I still appreciate the prayers though.


----------



## KyDawg (Mar 27, 2013)

Have you tried near beer?


----------



## mattech (Mar 27, 2013)

KyDawg said:


> Have you tried near beer?



yea, I put it near my mouth and drink it.


----------



## RUTTNBUCK (Mar 27, 2013)

mattech said:


> no need, I'm cured. I been without a drink for over 4 hours now. Oh, I see the lite at the end of the tunnel. Thanks for all the prayers folks. they really helped.


Rookie!!.........Let me know when you make 16 hours!!



mattech said:


> well guys, i'm sorry to report back. I went to fix the wife a glass of water and ended up chugging a couple beers real quick like.
> 
> I still appreciate the prayers though.


I knew you didn't have it in you to be a quitter!!


----------



## KyDawg (Mar 27, 2013)

Maybe you should start your own business. You know set your own schedule.


----------



## mattech (Mar 27, 2013)

KyDawg said:


> Maybe you should start your own business. You know set your own schedule.



good Idea, anybody know how to get ahold of that tshirt add that keeps popping up to the right of my shirt. I got a budiness proposal for that girl.


----------



## mattech (Mar 27, 2013)

RUTTNBUCK said:


> Rookie!!.........Let me know when you make 16 hours!!
> 
> I knew you didn't have it in you to be a quitter!!



16 hours , who do you think I am? 

Thats like a whole weeks worth of work.


----------



## KyDawg (Mar 27, 2013)

Maybe you could get a job at a liquor store. Nobody would complain about your breath there surely.


----------



## mattech (Mar 27, 2013)

KyDawg said:


> Maybe you could get a job at a liquor store. Nobody would complain about your breath there surely.



it would turn out just like the brewery job. They would have to have me escorted off the property. My self control and up to par for that much temptation.


----------



## RUTTNBUCK (Mar 27, 2013)

mattech said:


> 16 hours , who do you think I am?
> 
> Thats like a whole weeks worth of work.

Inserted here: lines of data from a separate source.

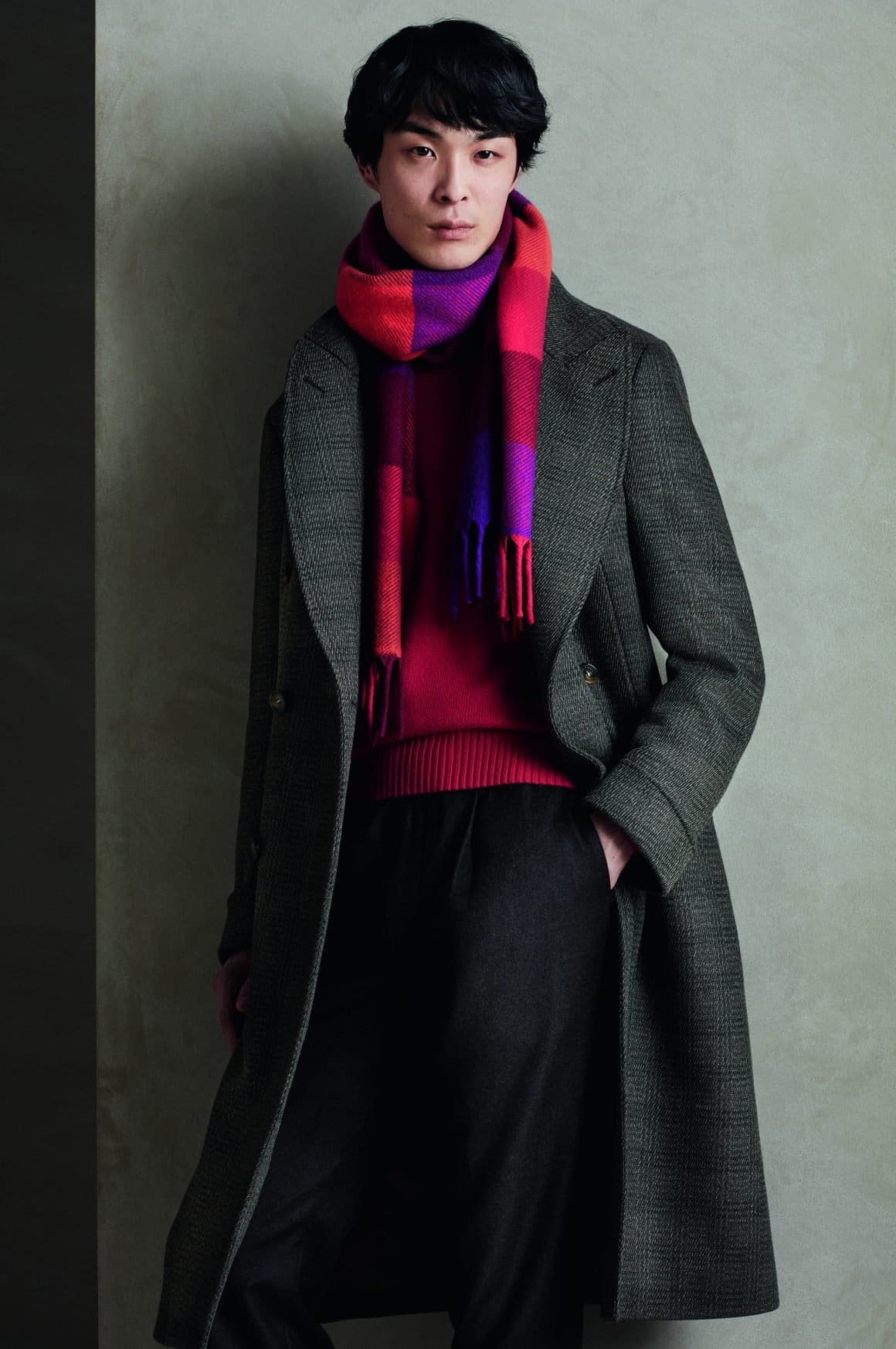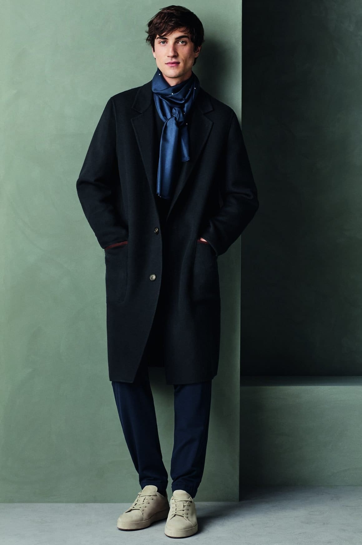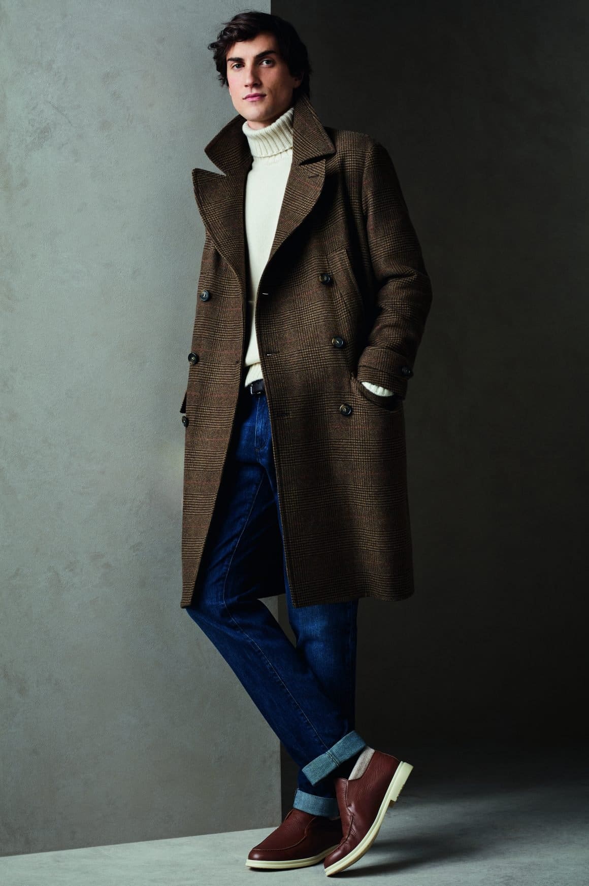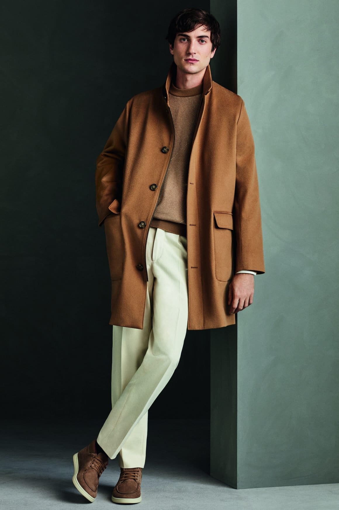 Innovation and tradition are combined with the use of iconic materials including cashmere double, melton cashmere and Baby Cashmere double, and technologies such as Rain System® treatment, applied to a men’s coat in Winter Lightest cashmere double. A blending that gives life to creations unique in their simplicity, synonymous of elegance and refinement. Coats that are soft to the touch, long beyond the knee, to be worn with loose or tight-fitting trousers, which become the expression of a natural style capable of combining urban shades with the charm of elegant and relaxed shapes.
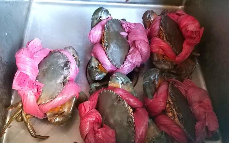 Bên cạnh đó, ngoài yếu tố giữ ẩm, sợi dây còn giúp cua không bị gãy chân, càng khi vận chuyển. Nếu cua bị gãy càng sẽ bị mất thẩm mỹ, bán không được giá.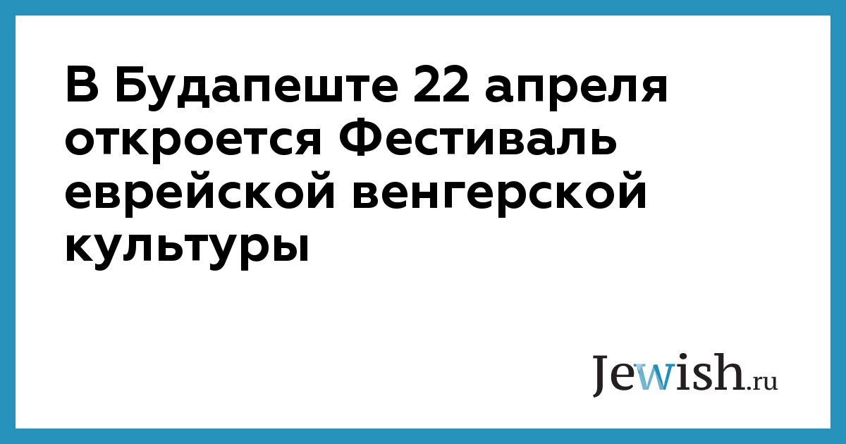 В Будапеште 22 апреля откроется Фестиваль еврейской венгерской культуры

I know what you mean Bro!!

I'm still working on my 12 hour pin!!

6 hours was............Well it was a struggle, but doable!!

I keep hitting the wall/bottle at 10 hours!!

I'm thinking that with some help from my Bro's that I might be able to pass the 10 hour mark, and carry on through to 12 hours!!

I may need to find someone else besides Quack to help me through this!!


----------



## mattech (Mar 27, 2013)

RUTTNBUCK said:


> I know what you mean Bro!!
> 
> I'm still working on my 12 hour pin!!
> 
> ...



yea, dump quack, he aint no support at all. congrats on the 12 hour pin. I made it 11 hours once cause I passed out walkin through the woods and fell in a well, it took 10 and a half hours for them to find me, I had my brother randy bring me a bottle of old faithfull ( mr boston)  until they could get me out, two days later.


----------



## KyDawg (Mar 27, 2013)

I would offer Ruttn but done think I would be much help either.


----------



## mattech (Mar 27, 2013)

RUTTNBUCK said:


> I know what you mean Bro!!
> 
> I'm still working on my 12 hour pin!!
> 
> ...



BTW, that's a fine lookin' dog in yo avitur. you need to get him one of them whiskey barrels to go around his collar, he will be more useful that way.


----------



## mattech (Mar 27, 2013)

KyDawg said:


> I would offer Ruttn but done think I would be much help either.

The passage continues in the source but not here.